Через четверть часа мы пили чай и вполне дружески болтали, действительно оказавшись ровесниками. И как у всяких ровесников, тем более закончивших специальные школы, у нас нашлось несколько общих знакомых, что значительно облегчило общение. Я с удовольствием ела бруснику и искоса поглядывала на свою грудь, по-женски округлую и по-девчоночьи тугую.
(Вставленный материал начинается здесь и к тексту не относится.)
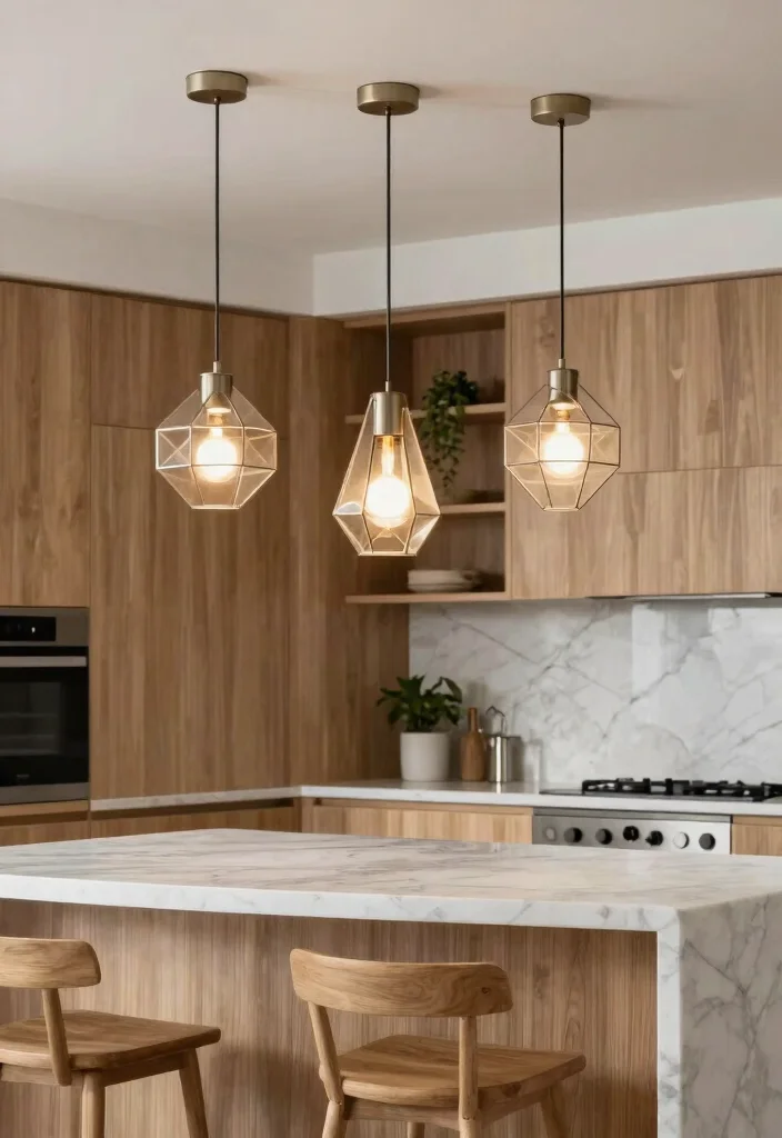 Geometric pendant lights stand out in modern kitchens, infusing your island space with artistic flair. Their bold angles and distinctive shapes create a striking focal point, enhancing visual interest and contemporary style. Opt for materials like brass or matte black to achieve a chic and sophisticated look that captivates the eye.
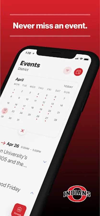 The event section shows a list of events throughout the district. Users can add an event to your calendar to share the event with friends and family with one tap.
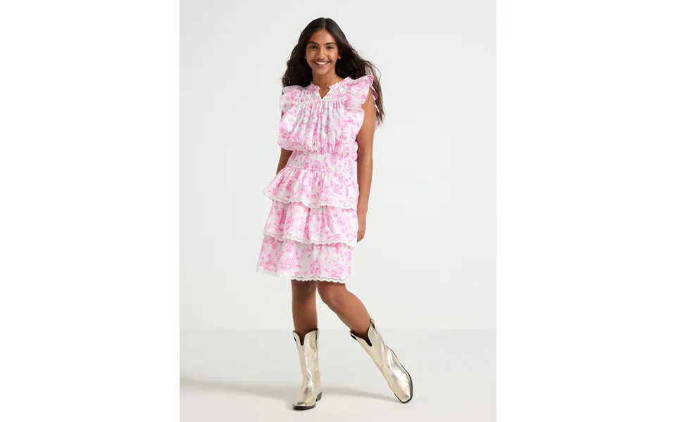 Woven dress in soft cotton with smocked waist, flounced skirt and lace details.

Глеб совершенно равнодушно курил трубку.

Спустя какое-то время он посмотрел на часы и ни с того ни с сего заметил:

— У вас замечательные ноги. Вы, наверное, устали, можно прилечь, немного поспать. Алексей не придет за вами.

— Какое право вы имеете так говорить со мной?! — Я вскочила, но тут же уткнулась в поданный мне длинный парчовый халат.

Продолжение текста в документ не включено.